**What the exercise asks**
Set down exactly the lines from the one containing "Mission Accomplished! All" through the last line of the data below, and no others.

[Recorded data]
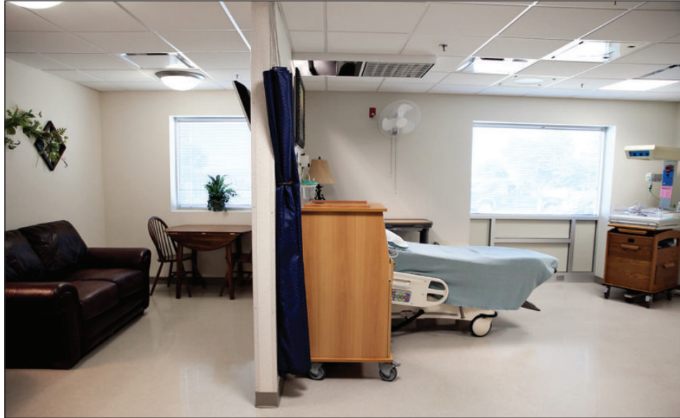
RECENTLY REMODELED BIRTHING SUITES offer comfortable accommodations for Mom, her new baby and family.
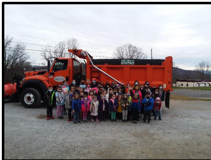
"Cow Plow" with TMS students
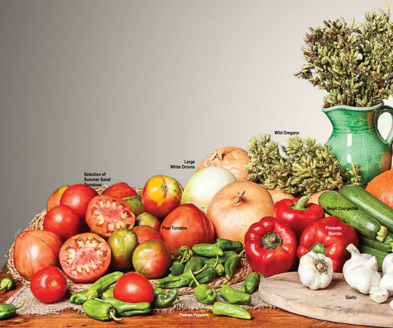
Selection of Summer Salad Tomatoes
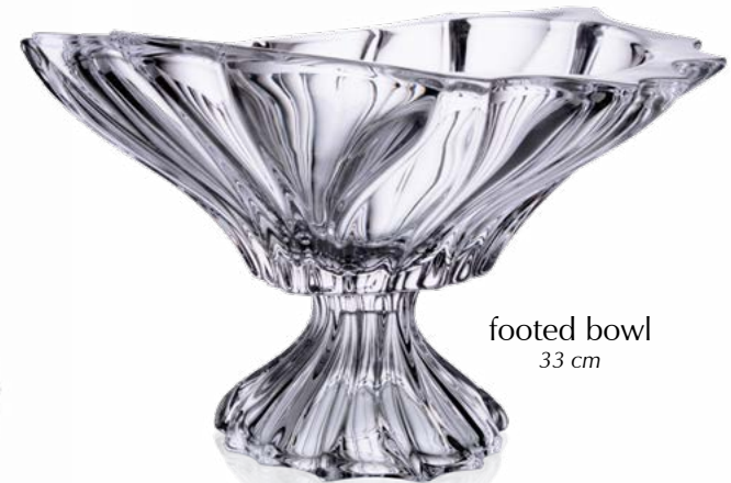
footed bowl 33 cm
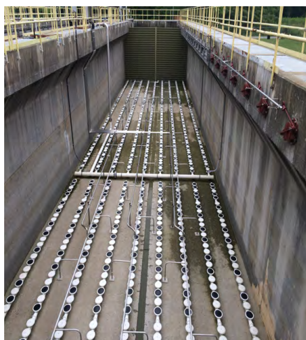
BioCycle-D installation with integrated diffused aeration system and BioMix mixing system.
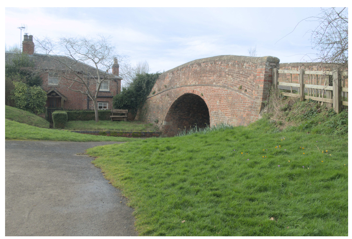
P1036089 - Bridge and cottage.
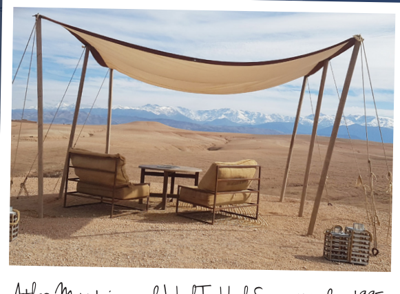
Atlas Mountains and Jebel Toubkal. Summitted in 1995.

Built by the British in 1908 the railway originally transported government officials and their families up to Ooty during the hot summer months. Now it carried tourists and steam train enthusiasts.
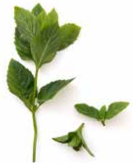
full size english mint 50ct (08EM-33) demi english mint 75ct (08EMD-33)
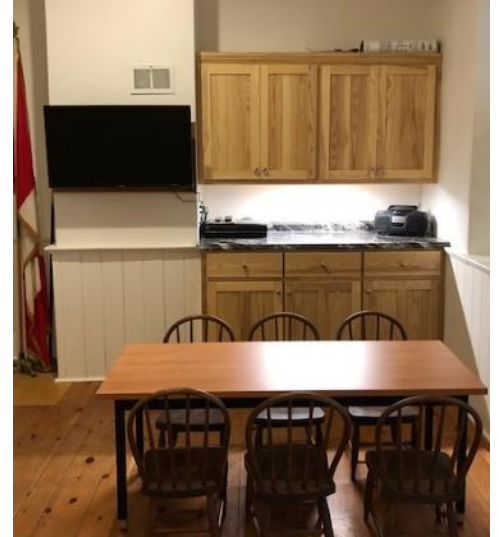
Sunday School area in Fellowship Room
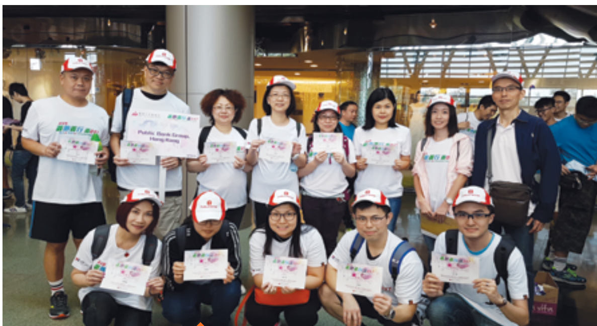
Mission Accomplished! All Smiles and happily holding their Certificate of Merit

PB義工兵團同事能參與慈善活動以幫助有需要人士及弱勢社群，實在感到十分高興。集團誠意邀請同事們踴躍支持和參與往後的各項義工活動，讓大家為集團和社會孕育出關愛的文化！

**Response area**
Mission Accomplished! All Smiles and happily holding their Certificate of Merit

PB義工兵團同事能參與慈善活動以幫助有需要人士及弱勢社群，實在感到十分高興。集團誠意邀請同事們踴躍支持和參與往後的各項義工活動，讓大家為集團和社會孕育出關愛的文化！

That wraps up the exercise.